III. The Highest Offer
In the end, even as Living Memory: Messi – A Goal in Life expands into public consciousness, with all proceeds from the ongoing auction set to benefit the charitable causes it was created to serve, the artwork remains a private offering to be sold to the highest bidder.
That fact isn’t a footnote. It is the very frame. This is not a work that shies away from its own conditions. It embraces them: celebrity, valuation, spectacle, commodification. And in doing so, it invites a harder question. Can something transcendent still emerge from within?

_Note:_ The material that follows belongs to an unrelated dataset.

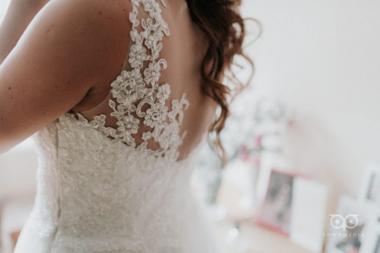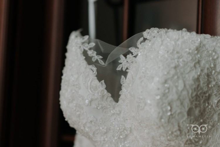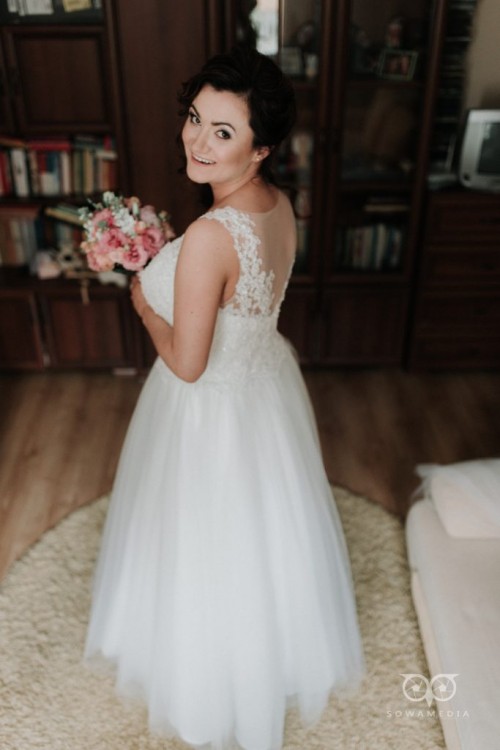 Bardzo kobieca, delikatna i elegancka suknia ślubna autorskiego projektu w kolorze śmietanowym. Góra sukni jest gorsetowana z wyciętym tyłem w kształcie V, całość zdobiona koronką na siateczce, zapinana z boku z lewej strony. Dół natomiast zbudowany jest z trzech warstw tiulu. Długość sukni od ramion wynosi 149 cm, od talii w dół ma długość 110 cm. Stan idealny. Suknia polecana jest dla kobiety:

Living Memory Messi - A Goal in Life (2025) by Refik Anadol in collaboration with Leo Messi © Refik Anadol Studio
“I think people sometimes only see the shiny pixels in our work,” Refik said. “But there’s more than that. It’s about communication. It’s about understanding. The reason our work captures the attention of millions of people isn’t because of shiny pixels or technology. It’s the human agency inside: the values, the purpose, the power of the story, and the strength of its context. That’s what makes it meaningful, purposeful, impactful.”
What do we choose to preserve?
What do we risk when we turn memory into experience?
What might we find if we allow ourselves to enter another’s moment and feel it as our own?
The leap in Rome remains iconic: a rare header from a player known for his feet; a goal of instinct, timing, and audacity; a goal that suspended Messi literally in the air, and figuratively in football history.
But beneath the historic moment lies something universal. Messi’s rise to global fame is not just a tale of genius. It’s a story of struggle, risk, perseverance, and grace. Born in Rosario, Argentina in 1987, diagnosed with a growth condition at age ten, Messi’s family could not afford treatment. No Argentine club would cover it. Then FC Barcelona took a chance, famously signing him on a napkin and relocating the 13-year-old to Spain. He was small, shy, and quiet. But on the field, he was unstoppable.
After all, that goal was never just a point on a scoreboard. It was a turning point in a life. A risk. A moment of transcendence. Now it is something else again. As we await the highest offer at the charity auction now underway, shouldn’t we cherish the highest offering from Messi himself?
An offering of memory, vulnerability, and hope, given to each of us to remember our own leaps, to hold the feeling of rising higher than anyone thought we could.